§ Required action:
Transcribe the data in full and exactly, omitting any pictures.

§ Supplied data:
= Beginning of Section =

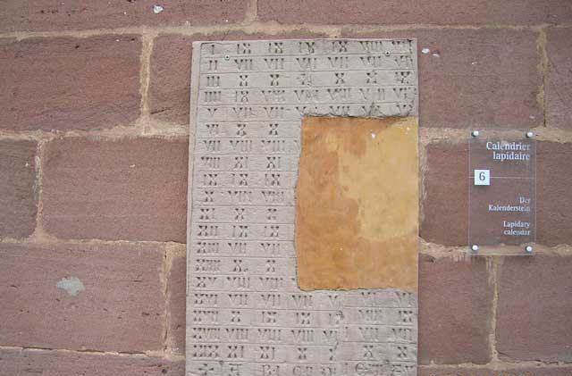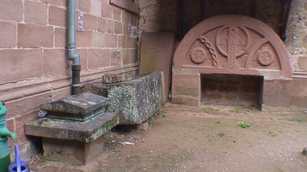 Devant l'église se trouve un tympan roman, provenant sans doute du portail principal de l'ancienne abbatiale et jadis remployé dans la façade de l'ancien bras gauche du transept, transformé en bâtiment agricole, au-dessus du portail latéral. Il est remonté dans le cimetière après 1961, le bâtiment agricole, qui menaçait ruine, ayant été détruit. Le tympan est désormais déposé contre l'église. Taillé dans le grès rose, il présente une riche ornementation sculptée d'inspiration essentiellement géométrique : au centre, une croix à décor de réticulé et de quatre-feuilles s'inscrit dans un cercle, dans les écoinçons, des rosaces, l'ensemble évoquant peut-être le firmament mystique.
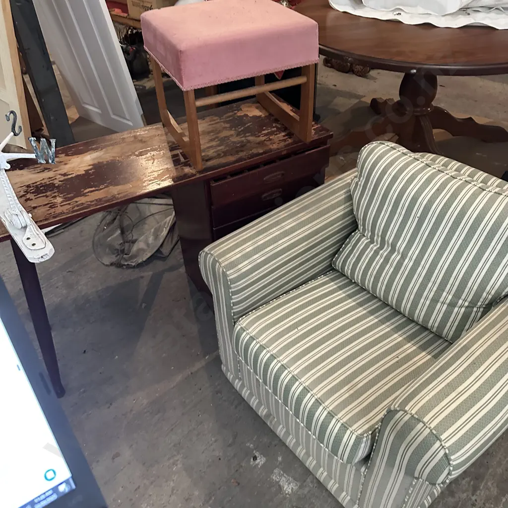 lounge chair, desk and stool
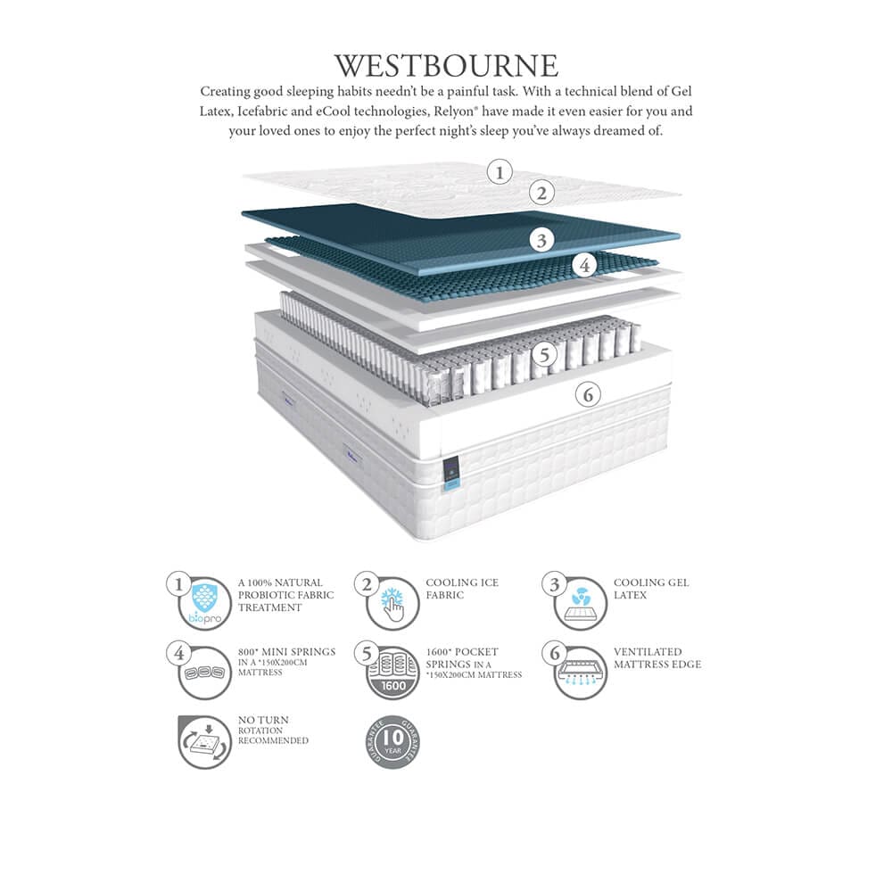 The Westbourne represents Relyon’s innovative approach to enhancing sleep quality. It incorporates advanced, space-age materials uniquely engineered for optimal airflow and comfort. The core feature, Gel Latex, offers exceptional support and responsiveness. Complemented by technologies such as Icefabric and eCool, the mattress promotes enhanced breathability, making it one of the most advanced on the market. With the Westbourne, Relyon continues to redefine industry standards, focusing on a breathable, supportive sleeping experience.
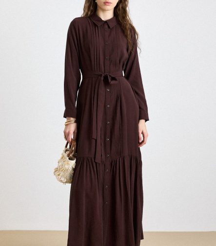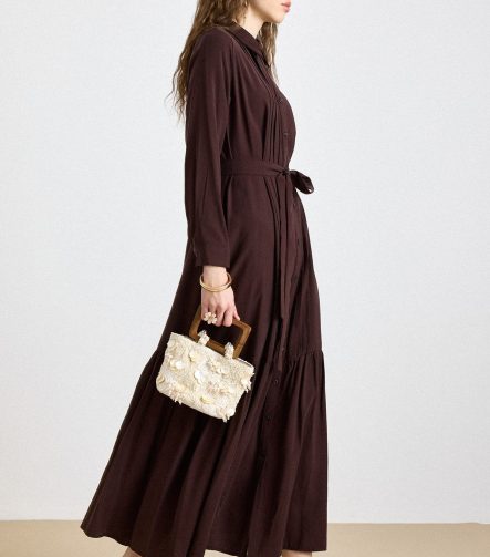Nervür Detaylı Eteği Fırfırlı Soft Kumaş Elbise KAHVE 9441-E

= End of Section =

§ Output of the task:
 Devant l'église se trouve un tympan roman, provenant sans doute du portail principal de l'ancienne abbatiale et jadis remployé dans la façade de l'ancien bras gauche du transept, transformé en bâtiment agricole, au-dessus du portail latéral. Il est remonté dans le cimetière après 1961, le bâtiment agricole, qui menaçait ruine, ayant été détruit. Le tympan est désormais déposé contre l'église. Taillé dans le grès rose, il présente une riche ornementation sculptée d'inspiration essentiellement géométrique : au centre, une croix à décor de réticulé et de quatre-feuilles s'inscrit dans un cercle, dans les écoinçons, des rosaces, l'ensemble évoquant peut-être le firmament mystique.
 lounge chair, desk and stool
 The Westbourne represents Relyon’s innovative approach to enhancing sleep quality. It incorporates advanced, space-age materials uniquely engineered for optimal airflow and comfort. The core feature, Gel Latex, offers exceptional support and responsiveness. Complemented by technologies such as Icefabric and eCool, the mattress promotes enhanced breathability, making it one of the most advanced on the market. With the Westbourne, Relyon continues to redefine industry standards, focusing on a breathable, supportive sleeping experience.
Nervür Detaylı Eteği Fırfırlı Soft Kumaş Elbise KAHVE 9441-E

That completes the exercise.